** Opening EXERCISE INPUT block **
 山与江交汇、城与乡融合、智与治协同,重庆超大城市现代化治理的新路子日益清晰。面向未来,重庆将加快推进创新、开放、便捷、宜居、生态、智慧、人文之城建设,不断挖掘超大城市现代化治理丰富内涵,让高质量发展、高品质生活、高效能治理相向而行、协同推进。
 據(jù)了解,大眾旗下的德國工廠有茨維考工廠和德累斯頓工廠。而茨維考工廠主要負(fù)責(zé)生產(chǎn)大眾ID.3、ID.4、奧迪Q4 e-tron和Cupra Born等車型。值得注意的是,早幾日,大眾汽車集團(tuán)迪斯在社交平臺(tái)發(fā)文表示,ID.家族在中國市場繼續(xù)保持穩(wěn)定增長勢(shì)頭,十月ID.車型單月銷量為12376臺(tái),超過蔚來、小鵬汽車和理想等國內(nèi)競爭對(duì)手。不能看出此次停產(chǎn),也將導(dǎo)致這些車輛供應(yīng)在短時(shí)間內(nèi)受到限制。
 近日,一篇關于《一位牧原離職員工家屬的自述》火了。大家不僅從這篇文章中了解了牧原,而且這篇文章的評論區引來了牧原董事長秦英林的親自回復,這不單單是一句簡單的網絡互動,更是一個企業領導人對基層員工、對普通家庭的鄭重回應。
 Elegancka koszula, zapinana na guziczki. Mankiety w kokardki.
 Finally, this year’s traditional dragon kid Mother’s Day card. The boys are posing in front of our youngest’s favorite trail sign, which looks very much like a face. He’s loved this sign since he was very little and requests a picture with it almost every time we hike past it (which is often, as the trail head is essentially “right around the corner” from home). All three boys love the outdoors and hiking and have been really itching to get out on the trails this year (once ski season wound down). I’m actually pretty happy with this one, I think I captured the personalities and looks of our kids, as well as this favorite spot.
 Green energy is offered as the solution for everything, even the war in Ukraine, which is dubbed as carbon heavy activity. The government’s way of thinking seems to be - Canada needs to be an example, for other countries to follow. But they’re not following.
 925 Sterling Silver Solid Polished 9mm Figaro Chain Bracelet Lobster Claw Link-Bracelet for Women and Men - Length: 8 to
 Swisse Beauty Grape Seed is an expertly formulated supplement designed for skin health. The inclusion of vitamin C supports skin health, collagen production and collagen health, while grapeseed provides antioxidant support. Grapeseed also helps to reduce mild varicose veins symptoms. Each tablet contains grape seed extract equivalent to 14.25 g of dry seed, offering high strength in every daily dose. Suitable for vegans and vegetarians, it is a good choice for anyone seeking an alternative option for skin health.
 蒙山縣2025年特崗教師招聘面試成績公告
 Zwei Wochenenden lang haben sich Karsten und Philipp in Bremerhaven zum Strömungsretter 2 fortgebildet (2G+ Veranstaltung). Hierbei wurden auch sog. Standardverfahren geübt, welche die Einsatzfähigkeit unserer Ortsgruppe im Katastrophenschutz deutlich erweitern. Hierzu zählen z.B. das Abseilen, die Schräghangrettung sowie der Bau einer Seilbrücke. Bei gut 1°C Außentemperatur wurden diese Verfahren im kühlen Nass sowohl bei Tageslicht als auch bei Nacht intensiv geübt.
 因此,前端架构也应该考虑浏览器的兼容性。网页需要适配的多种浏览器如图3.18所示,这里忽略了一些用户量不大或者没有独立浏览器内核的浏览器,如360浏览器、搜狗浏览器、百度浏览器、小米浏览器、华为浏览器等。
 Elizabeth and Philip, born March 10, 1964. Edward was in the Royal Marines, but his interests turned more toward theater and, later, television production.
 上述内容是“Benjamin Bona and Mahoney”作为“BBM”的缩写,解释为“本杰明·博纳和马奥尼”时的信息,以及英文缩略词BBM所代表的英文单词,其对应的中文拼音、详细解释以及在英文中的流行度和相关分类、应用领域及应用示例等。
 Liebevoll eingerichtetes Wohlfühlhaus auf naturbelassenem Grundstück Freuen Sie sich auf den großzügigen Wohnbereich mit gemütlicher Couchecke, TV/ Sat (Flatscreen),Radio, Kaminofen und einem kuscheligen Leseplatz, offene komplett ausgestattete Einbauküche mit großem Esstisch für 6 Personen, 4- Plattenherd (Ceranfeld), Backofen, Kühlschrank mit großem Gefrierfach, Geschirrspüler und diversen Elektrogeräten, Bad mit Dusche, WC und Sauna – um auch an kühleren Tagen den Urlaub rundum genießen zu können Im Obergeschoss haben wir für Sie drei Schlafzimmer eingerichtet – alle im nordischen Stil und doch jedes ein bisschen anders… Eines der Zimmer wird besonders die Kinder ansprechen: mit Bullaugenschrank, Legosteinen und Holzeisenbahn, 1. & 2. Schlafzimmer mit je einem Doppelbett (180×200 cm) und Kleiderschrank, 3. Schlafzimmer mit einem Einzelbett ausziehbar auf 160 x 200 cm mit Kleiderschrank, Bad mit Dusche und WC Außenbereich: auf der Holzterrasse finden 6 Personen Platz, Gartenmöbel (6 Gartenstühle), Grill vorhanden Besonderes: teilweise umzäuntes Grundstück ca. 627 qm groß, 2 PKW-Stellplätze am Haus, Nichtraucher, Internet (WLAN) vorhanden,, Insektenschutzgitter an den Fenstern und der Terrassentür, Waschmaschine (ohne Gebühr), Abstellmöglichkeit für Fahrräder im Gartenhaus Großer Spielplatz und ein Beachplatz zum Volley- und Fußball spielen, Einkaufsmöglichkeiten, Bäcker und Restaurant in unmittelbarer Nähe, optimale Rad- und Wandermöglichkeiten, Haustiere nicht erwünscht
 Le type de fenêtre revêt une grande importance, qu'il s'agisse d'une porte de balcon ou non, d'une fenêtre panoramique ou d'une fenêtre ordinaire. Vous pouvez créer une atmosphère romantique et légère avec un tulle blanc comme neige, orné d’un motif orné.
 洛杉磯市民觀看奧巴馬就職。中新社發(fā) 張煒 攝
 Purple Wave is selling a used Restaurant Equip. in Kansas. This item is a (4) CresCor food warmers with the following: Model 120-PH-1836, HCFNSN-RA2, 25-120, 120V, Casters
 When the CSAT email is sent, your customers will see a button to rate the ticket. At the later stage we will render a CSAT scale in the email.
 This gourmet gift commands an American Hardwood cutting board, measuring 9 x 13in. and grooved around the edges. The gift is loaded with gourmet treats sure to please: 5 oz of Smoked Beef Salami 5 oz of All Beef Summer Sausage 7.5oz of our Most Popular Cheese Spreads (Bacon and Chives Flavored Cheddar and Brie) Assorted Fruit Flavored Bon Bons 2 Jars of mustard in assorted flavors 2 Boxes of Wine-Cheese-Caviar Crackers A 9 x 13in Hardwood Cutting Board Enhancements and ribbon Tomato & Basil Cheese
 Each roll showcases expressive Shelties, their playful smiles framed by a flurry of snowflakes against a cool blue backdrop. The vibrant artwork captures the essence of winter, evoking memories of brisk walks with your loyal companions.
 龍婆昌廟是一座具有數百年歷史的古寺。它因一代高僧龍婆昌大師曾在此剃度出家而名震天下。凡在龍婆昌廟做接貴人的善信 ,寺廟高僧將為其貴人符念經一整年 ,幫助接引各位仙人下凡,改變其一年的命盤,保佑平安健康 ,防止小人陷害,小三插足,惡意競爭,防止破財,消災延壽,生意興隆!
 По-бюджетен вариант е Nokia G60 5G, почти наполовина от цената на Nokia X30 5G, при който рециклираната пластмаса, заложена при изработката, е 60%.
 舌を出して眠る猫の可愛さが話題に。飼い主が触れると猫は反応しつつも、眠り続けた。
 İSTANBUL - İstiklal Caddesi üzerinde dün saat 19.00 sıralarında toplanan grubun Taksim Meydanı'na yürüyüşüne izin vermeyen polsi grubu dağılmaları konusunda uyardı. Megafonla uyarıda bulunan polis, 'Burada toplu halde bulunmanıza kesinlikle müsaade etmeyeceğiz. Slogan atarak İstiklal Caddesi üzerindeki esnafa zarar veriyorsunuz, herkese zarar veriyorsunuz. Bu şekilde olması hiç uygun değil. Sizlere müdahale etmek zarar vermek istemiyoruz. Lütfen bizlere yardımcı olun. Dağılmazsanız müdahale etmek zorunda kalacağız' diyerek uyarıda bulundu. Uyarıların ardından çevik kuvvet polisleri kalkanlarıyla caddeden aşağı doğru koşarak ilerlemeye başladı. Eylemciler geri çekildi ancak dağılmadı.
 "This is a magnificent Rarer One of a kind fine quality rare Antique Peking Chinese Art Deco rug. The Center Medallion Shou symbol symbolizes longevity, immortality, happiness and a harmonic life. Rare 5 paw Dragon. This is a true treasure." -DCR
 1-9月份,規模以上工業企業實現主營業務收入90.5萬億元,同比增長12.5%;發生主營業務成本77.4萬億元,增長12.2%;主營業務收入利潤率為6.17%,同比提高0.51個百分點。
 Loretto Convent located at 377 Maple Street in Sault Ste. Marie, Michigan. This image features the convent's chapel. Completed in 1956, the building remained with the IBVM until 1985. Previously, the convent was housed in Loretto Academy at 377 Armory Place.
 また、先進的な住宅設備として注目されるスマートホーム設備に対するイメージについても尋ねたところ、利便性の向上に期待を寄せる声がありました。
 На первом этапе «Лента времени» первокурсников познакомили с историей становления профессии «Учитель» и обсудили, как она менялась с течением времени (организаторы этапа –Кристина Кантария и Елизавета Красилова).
** Closing EXERCISE INPUT block **
State how many lines in the listing above contain "your". Nothing else is needed.

## RESPONSE BOX
2